Initial probabilities:
 {'NOUN': 0.29255828808687323, 'CONJ': 0.051421271159374005, 'DET': 0.2293197061641648, '.': 0.08176301501117854, 'ADP': 0.12583839029064198, 'ADJ': 0.04247844139252635, 'ADV': 0.05429575215586075, 'X': 0.024912168636218462, 'PRON': 0.07601405301820505, 'NUM': 0.010220376876397317, 'VERB': 0.009581603321622485, 'PRT': 0.0015969338869370809}
Sample transition probabilities:
 {'NOUN': 0.2627788205508752, '.': 0.2419136583875333, 'ADJ': 0.011698459120869528, 'ADP': 0.1760006984154699, 'NUM': 0.0097341656117683, 'VERB': 0.14740931511632982, 'CONJ': 0.04225413592911083, 'PRT': 0.04430573137194989, 'ADV': 0.016718320310794885, 'X': 0.029202496835304903, 'DET': 0.013182591994412676, 'PRON': 0.004801606355580776}
Sample emission probabilities:


## 3. Implementing the Viterbi Algorithm 🔄

In [3]:
def viterbi_algorithm(sentence, initial_probs, transition_probs, emission_probs, tag_count):
    states = list(tag_count.keys())
    V = [{}]
    path = {}

    # Initialize base cases (t == 0)
    for state in states:
        V[0][state] = initial_probs[state] * emission_probs[state].get(sentence[0], 1e-6)
        path[state] = [state]

    # Run Viterbi for t > 0
    for t in range(1, len(sentence)):
        V.append({})
        new_path = {}

        for state in states:
            (prob, prev_state) = max(
                (V[t-1][prev_state] * transition_probs[prev_state].get(state, 1e-6) * 
                 emission_probs[state].get(sentence[t], 1e-6), prev_state)
                for prev_state in states
            )
            V[t][state] = prob
            new_path[state] = path[prev_state] + [state]

        path = new_path

    # Find the best path
    (prob, best_state) = max((V[-1][state], state) for state in states)
    return path[best_state], prob

# Test the Viterbi algorithm on a sample sentence
sample_sentence = [word for word, _ in test_data[0]]
predicted_tags, probability = viterbi_algorithm(sample_sentence, initial_probs, transition_probs, emission_probs, tag_count)
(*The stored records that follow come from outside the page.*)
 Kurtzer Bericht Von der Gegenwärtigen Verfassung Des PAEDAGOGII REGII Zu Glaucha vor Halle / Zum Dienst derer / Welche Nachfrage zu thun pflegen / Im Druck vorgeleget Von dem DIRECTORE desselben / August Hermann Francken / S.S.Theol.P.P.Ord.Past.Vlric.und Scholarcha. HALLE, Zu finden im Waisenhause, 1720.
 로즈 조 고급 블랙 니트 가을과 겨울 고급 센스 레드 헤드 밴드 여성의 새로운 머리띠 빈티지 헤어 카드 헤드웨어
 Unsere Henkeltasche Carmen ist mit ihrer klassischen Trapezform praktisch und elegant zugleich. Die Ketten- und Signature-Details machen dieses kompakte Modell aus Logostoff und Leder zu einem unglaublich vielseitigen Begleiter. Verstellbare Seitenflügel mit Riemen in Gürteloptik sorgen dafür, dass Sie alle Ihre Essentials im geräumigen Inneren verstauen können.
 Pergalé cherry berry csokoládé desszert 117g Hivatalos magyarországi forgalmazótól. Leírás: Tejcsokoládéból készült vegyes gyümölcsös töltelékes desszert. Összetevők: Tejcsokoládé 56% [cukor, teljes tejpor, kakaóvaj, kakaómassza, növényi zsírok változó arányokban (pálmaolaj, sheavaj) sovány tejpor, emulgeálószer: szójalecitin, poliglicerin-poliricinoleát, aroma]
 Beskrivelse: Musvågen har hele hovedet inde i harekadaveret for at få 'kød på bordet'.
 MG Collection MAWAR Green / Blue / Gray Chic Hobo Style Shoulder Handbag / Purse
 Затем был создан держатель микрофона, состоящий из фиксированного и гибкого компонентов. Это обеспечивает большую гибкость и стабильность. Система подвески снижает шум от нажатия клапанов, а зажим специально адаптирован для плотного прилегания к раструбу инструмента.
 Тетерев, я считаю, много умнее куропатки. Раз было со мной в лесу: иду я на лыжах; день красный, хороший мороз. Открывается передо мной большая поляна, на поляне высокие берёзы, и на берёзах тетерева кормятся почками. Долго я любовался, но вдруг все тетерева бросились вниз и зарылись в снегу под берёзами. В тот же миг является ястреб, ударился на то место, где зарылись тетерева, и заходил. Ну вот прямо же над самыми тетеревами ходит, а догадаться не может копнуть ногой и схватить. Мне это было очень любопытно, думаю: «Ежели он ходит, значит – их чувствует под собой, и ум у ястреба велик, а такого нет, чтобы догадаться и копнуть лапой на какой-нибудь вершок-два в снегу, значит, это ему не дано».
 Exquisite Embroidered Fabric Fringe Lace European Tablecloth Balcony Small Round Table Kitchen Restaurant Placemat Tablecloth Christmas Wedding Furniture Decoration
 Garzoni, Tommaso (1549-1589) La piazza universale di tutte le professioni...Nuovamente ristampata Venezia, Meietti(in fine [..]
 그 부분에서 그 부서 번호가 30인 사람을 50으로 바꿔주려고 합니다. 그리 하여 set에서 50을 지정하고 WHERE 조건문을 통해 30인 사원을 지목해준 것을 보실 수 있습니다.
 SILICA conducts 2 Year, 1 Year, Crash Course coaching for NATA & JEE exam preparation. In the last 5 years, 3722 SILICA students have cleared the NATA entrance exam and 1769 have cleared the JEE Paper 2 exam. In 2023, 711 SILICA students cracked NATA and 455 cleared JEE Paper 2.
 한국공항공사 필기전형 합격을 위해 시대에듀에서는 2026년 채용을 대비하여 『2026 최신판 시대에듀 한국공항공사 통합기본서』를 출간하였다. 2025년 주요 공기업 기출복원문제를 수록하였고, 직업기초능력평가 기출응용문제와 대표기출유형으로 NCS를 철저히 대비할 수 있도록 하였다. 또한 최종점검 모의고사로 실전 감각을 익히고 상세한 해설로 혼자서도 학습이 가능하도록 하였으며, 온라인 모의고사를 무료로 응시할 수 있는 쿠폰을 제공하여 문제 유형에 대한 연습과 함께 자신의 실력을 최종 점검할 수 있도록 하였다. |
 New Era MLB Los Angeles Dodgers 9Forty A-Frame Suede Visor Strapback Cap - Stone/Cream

print("Sample Sentence:", sample_sentence)
print("Predicted Tags:", predicted_tags)
print("Probability of the sequence:", probability)

Sample Sentence: ['For', 'the', 'Agency', 'for', 'International', 'Development', ',', 'appropriators', 'approved', '$', '200', 'million', '*U*', 'in', 'secondary', 'loan', 'guarantees', 'under', 'an', 'expanded', 'trade', 'credit', 'insurance', 'program', ',', 'and', 'total', 'loan', 'guarantees', 'for', 'the', 'Overseas', 'Private', 'Investment', 'Corp.', 'are', 'increased', '*-3', 'by', '$', '40', 'million', '*U*', 'over', 'fiscal', '1989', 'as', 'part', 'of', 'the', 'same', 'Poland', 'package', '.']
Predicted Tags: ['ADP', 'DET', 'NOUN', 'ADP', 'NOUN', 'NOUN', '.', 'PRON', 'VERB', '.', 'NUM', 'NUM', 'X', 'ADP', 'ADJ', 'NOUN', 'NOUN', 'ADP', 'DET', 'VERB', 'NOUN', 'NOUN', 'NOUN', 'NOUN', '.', 'CONJ', 'ADJ', 'NOUN', 'NOUN', 'ADP', 'DET', 'ADJ', 'ADJ', 'NOUN', 'NOUN', 'VERB', 'VERB', 'X', 'ADP', '.', 'NUM', 'NUM', 'X', 'ADP', 'ADJ', 'NUM', 'ADP', 'NOUN', 'ADP', 'DET', 'ADJ', 'NOUN', 'NOUN', '.']
Probability of the sequence: 2.498937212411083e-162


## 4. Model Evaluation 📊

In [4]:
correct = 0
total = 0

for sentence in test_data:
    words = [word for word, tag in sentence]
    true_tags = [tag for word, tag in sentence]
    predicted_tags, _ = viterbi_algorithm(words, initial_probs, transition_probs, emission_probs, tag_count)
    
    correct += sum(p == t for p, t in zip(predicted_tags, true_tags))
    total += len(sentence)

accuracy = correct / total
print("POS Tagging Accuracy:", accuracy)

POS Tagging Accuracy: 0.935081999124045


## Conclusion
In this notebook, we built a Part-of-Speech tagger using Hidden Markov Models (HMMs) and the Viterbi algorithm. The model was trained on the Treebank dataset and successfully tagged parts of speech with reasonable accuracy. This approach provides a fundamental understanding of sequence models and their application in NLP tasks.